= Change detection and notification =

Automated reporting of web page changes

Change detection and notification (CDN) is the automatic detection of changes made to World Wide Web pages and notification to interested users by email or other means.

Whereas search engines are designed to find web pages, CDN systems are designed to monitor changes to web pages. Before change detection and notification, it was necessary for users to manually check for web page changes, either by revisiting web sites or periodically searching again. Efficient and effective change detection and notification is hampered by the fact that most servers do not accurately track content changes through Last-Modified or ETag web-server headers. In 2019 a comprehensive analysis regarding CDN systems was published.

==History==
In 1996, NetMind developed the first change detection and notification tool, known as Mind-it, which ran for six years. This spawned new services such as ChangeDetection (1999), ChangeDetect (2002), Google Alerts (2003), and Versionista (2007) which was used by the John McCain 2008 presidential campaign in the race for the 2008 United States presidential election. Historically, change polling has been done either by a server which sent email notifications or a desktop program which audibly alerted the user to a change. Change alerting is also possible directly to mobile devices and through push notifications, webhooks and HTTP callbacks for application integration.

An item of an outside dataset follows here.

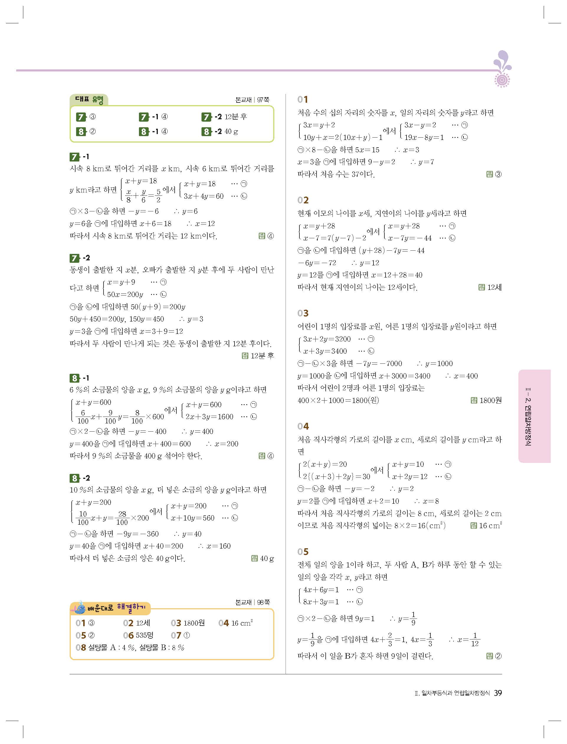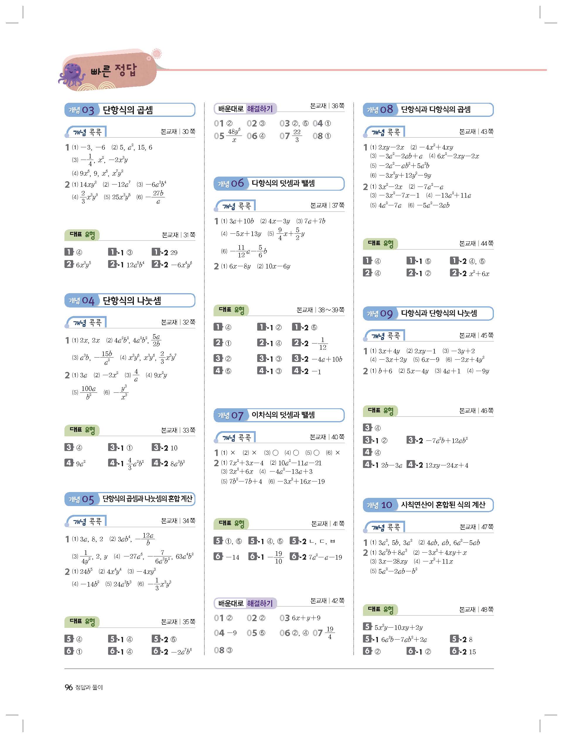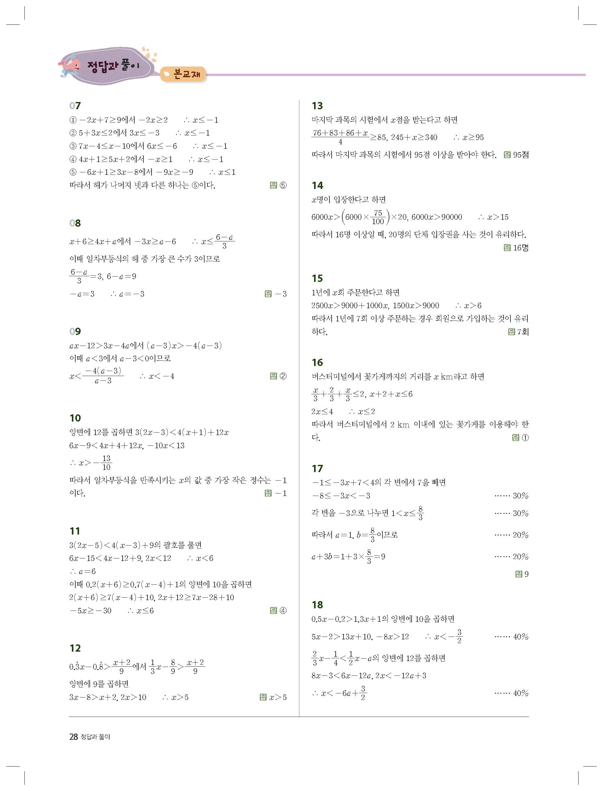 다운로드 받을필요 없이 바로 볼수 있는 모바일에 최적화된 답지 입니다

Monitoring options vary by service or product and range from monitoring a single web page at a time to entire web sites. What is actually monitored also varies by service or product with the possibilities of monitoring text, links, documents, scripts, images or screen shots.

With the notable exception of Google's patent filings related to Google Alerts, intellectual property activity by change detection and notification vendors is minimal. No one vendor has successfully leveraged exclusive rights to change detection and notification technology through patents or other legal means. This has resulted in significant functional overlap between products and services.

==Architectural approaches==
Change detection and notification services can be categorized by the software architecture they use. Three principal approaches can be distinguished:

=== Server based ===
A server polls content, tracks changes and logs data, sending alerts in the form of email notifications, webhooks, RSS. Typically, an associated website with a configuration is managed by the user. Some services also have a mobile device application which connects to a cloud server and provides alerts to the mobile device.

=== Self-hosted based ===
A relatively newer approach, which lies between server-based and client-based is to use self-hosting, where the software which would normally run on a separate server runs on your own hardware locally, generally means that the software provides a miniature web server with a browser interface instead of a classic graphical user interface provided by an application.

=== Client based ===
A local client application with a graphical user interface polls content, tracks changes and logs data. Client applications can be browser extensions, mobile apps or programs.

==Considerations==
Some web pages change regularly, due to the inclusion of adverts or feeds in the presented page. This can trigger false-positives in the change-detection, since users are often only interested in changes to the main content. Some approaches to mitigate this issue exist.

- Create a metric of difference between two versions of a page (calculated for example from change in total size, changes in HTML file, or changes in the DOM tree) and ignore changes below some threshold. The threshold may be set by the user, or estimated automatically by comparing some early versions of the page.
- Content extraction. For popular sites, or sites running popular software, content may be actively separated from chaff by selecting a sub-tree of the DOM, for example using XPath. Another typical method is the use of regular expressions to extract only the text the user is interested in.